# HDS 10 On the way (suggestions)



## searlest (Jan 20, 2008)

Hello purchased a used HDS 10 without transducer and without GPS antenna.

PART # 000-0140-13


Would like to hear comments and suggestions for Transducer, GPS Antenna, and installation 

The boat is a 22Ft Hard Top 

1)	what is a good transducer ? (would like to be able to cruise at a
pretty quick pace and find fish.

2)	Not overly crazy about drilling holes in the hull for a thru hull unless you can convince me its worth it??

3)	We really want to be able to see the Thermocline when fishing lake Michigan 

4)	How many on lake Erie are using the side imaging (LSS 1) and find it worth it?.
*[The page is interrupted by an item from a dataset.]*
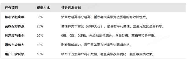 第三部分:益生菌评分标准 光有体系还不够,我们还得给每个指标定个“身价”。有些商家喜欢在包装上下功夫,但在我们这套评分标准里,内在实力才是王道。以下是本次榜单的评分权重模型:

5) would also like to hear suggestions on "the best" map chip.


----------



## Javelin389T (Sep 30, 2011)

Congrats.
Check software is up to date.
Unit has internal gps antenna.

1)thru hull puck.
2)Depth of hole is short.Often sanding does the trick.
3)Not a issue
4)Worth it once set up properly.From a bass guys prospective.
5)Fishin hot spots card.


----------



## K gonefishin (May 4, 2004)

You can use the ducer you got with it as well as the mapping on the insight USA. 


Posted from my iPad


----------